In the process of development, each baby goes through a series of crisis ages. For example, the crisis of three years is manifested in children's selfishness and a master's attitude towards everything around them. You can often hear "mine" and "mine". Due to stinginess, conflicts arise between children that upset their parents so much.
When raising a child-owner, it is worth remembering that at this age he feels like a person and clearly distinguishes between his “I” and the world around him. Everything that surrounds him is regarded as his property, to share or not, he decides on his own.
First of all, there is no need to shame or scold your child for not wanting to share with others. And you should not give someone the things that belong to the baby either. The child's toys are his property, he can dispose of them at his own discretion. Also, you should never let other adults call your child greedy. The kid should feel support from the parents. And who, no matter how adults, know that personal belongings are property that can be disposed of as you please. And if in a group of children one cried, not getting what he wanted, you should not make someone to blame.

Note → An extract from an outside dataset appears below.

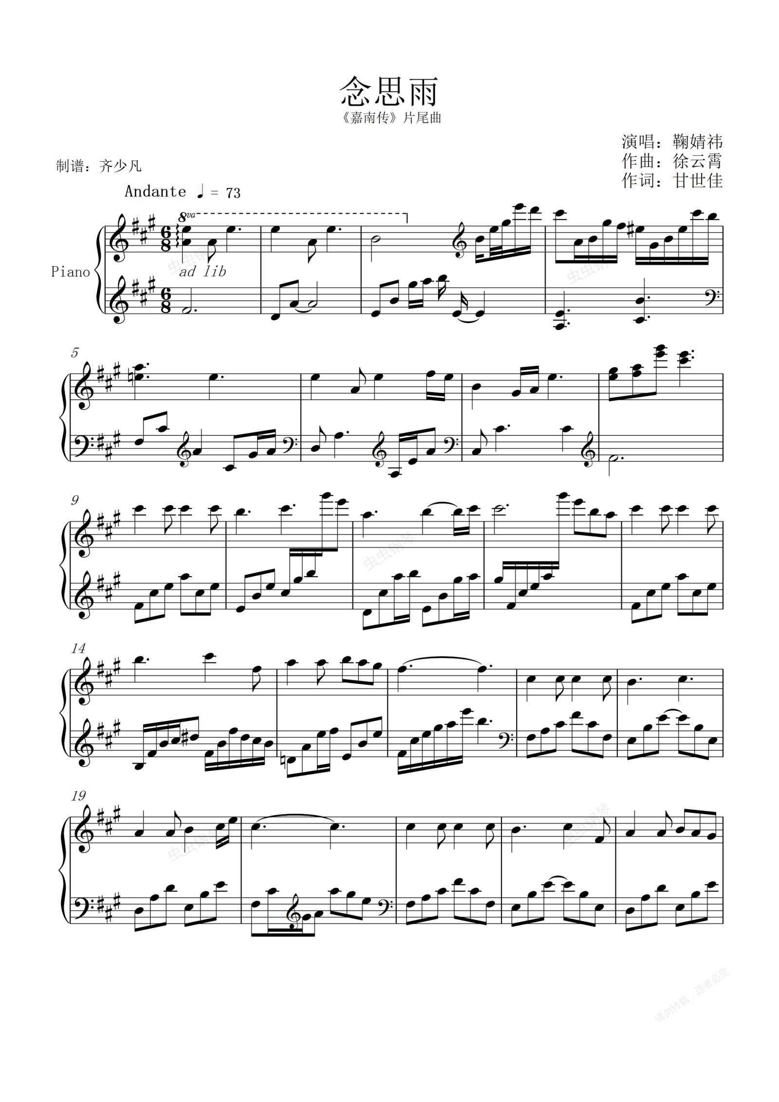 歌曲《念思雨》由甘世佳作词,徐云霄作曲,中村崇人编曲,鞠婧祎、曾舜晞演唱,是鞠婧祎、曾舜晞主演的网剧《嘉南传》的片尾曲。

There are several steps you can take to teach your child how to share that will help your child overcome stinginess over time. Parents should explain to the child that by giving a toy to another for a while, it will be possible to get it back. Children often think that having given their thing, they will never receive it back. Try to carry out an "exchange". When playing with other children, you can always let your toys play and get something interesting in return. You should always leave your child's own choice. Since this is his thing, it is up to him to decide whether to share or not.
There are times when in a family where there are several children, there is no need to tell the older child to give in to the younger one. Children should be equal. But in the event that concessions occur at the initiative of the older child, one should praise and thank for the attention.
Do not focus on cases when the child does not want to share. For example, when guests come and, of course, they want to play with new interesting things. The child can take it with hostility, and persuasion in this case will not help. Everyone should be involved in a common game where everyone can feel, and the conflict will disappear.